Weather is a big component when fishing, and each year things are different. Extremely hot or cold weather can slow down one kind of fishing while speeding up another.
For example, sailfish tend to be in Florida in winter because water is cooler, while mahi tend to visit in the summer because the water’s warmer. You can catch some mahi in March, when the water starts to get warmer, but not in the numbers you’ll see when summer hits.
The reef starts on the patch reef in 25 feet of water, and then gets deeper as you head out to the outer edge of the reef. The reef stops basically at 100 feet, where the main ledge is. Some days, the water is clear and it’s easy to see the fish. Other days, it’s murky and green, but at times that can be better fishing because the fish can’t see the line.
With reef fishing, we’ll be fishing anywhere between 25 to 100 feet of water and target snapper and grouper. At certain times of the year, mackerel will get thick on the reef, and that’s a lot of fun to fish. How far we go out depends on which fish we’re targeting. If we’re looking for yellowtail snapper, we will fish deeper, because the chances are better in the deep for the bigger yellow tails. However, if we’re targeting mangrove snappers, we’ll fish for those in shallower 25-40 foot range.

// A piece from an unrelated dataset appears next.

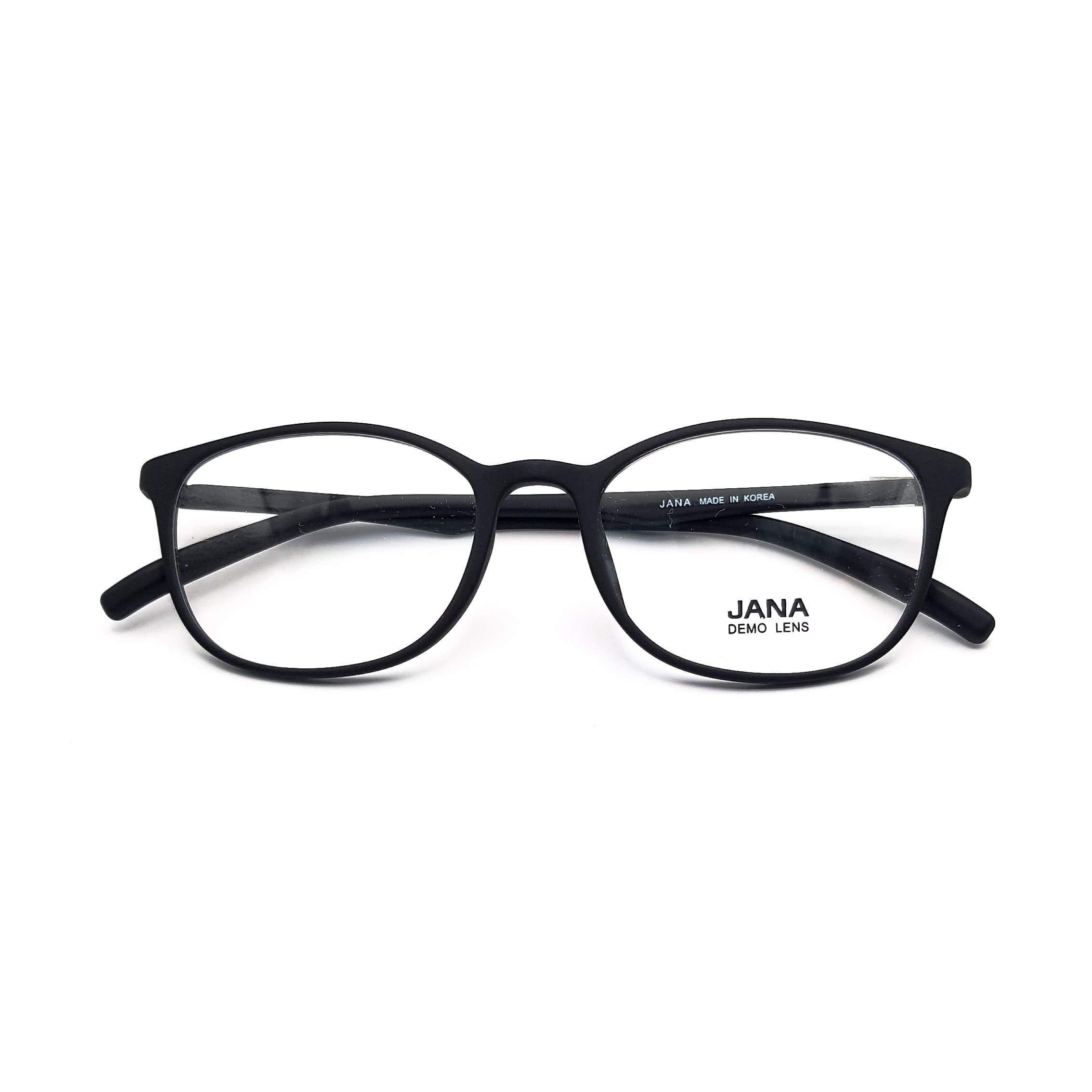 Montura JANA con diseño ovalado color negro mate. Permite mayor proteccion a tus ojos de la luz dañina incidente. Cuenta con un puente de 18 mm y brazos de 138 mm. Incluye 1 año de garantía directa con la marca.

While on the reef you never know what you will see, it is very beautiful and holds a lot of different types of life
Once you’re past the reef (generally speaking the reef stops at about 100 feet deep) there’s sand with a few small rock piles and hard bottom areas, where the bottom depth varies. Sunken boats or wrecks occur anywhere in shallows from 120 feet deep to past 250 feet deep, so this is where our wreck fishing starts.
Like at the reef, you’ll catch snapper and grouper, but the fish out on the wrecks tend to be much larger in size. While that’s exciting if you’re looking to land the big one, they can be much harder to fish and it takes much more skill than fishing out in the reefs. But don’t worry! Anyone can learn how to do it with good guidance.
Other fish you’ll find on the wrecks include snapper, grouper, amberjack, permit, African pompano, wahoo, mackerels, and Goliath grouper.
There’s a very wide range of snappers we see, including yellowtail, vermillion, mutton, and gray snappers, and a variety of groupers as well.
You find a lot of cool fish at this point, such as sailfish, dolphin, wahoo, cobia, blue marlin, and swordfish. Live bait and trolling methods are used for offshore fishing.
Deep dropping is a technique used with electric reels and a lot of lead, anywhere from 400 feet of water, to over 1500 feet. The bait will be fished on or very near the bottom. A few types of fish that we catch while doing this include; snowy grouper, yellow edge grouper, queen snapper, tile fish, barrel fish and swordfish.
Most of the deep dropping is done in the summertime while we are out looking for dolphin, it gives us an opportunity to put another species of fish on the dinner table for you.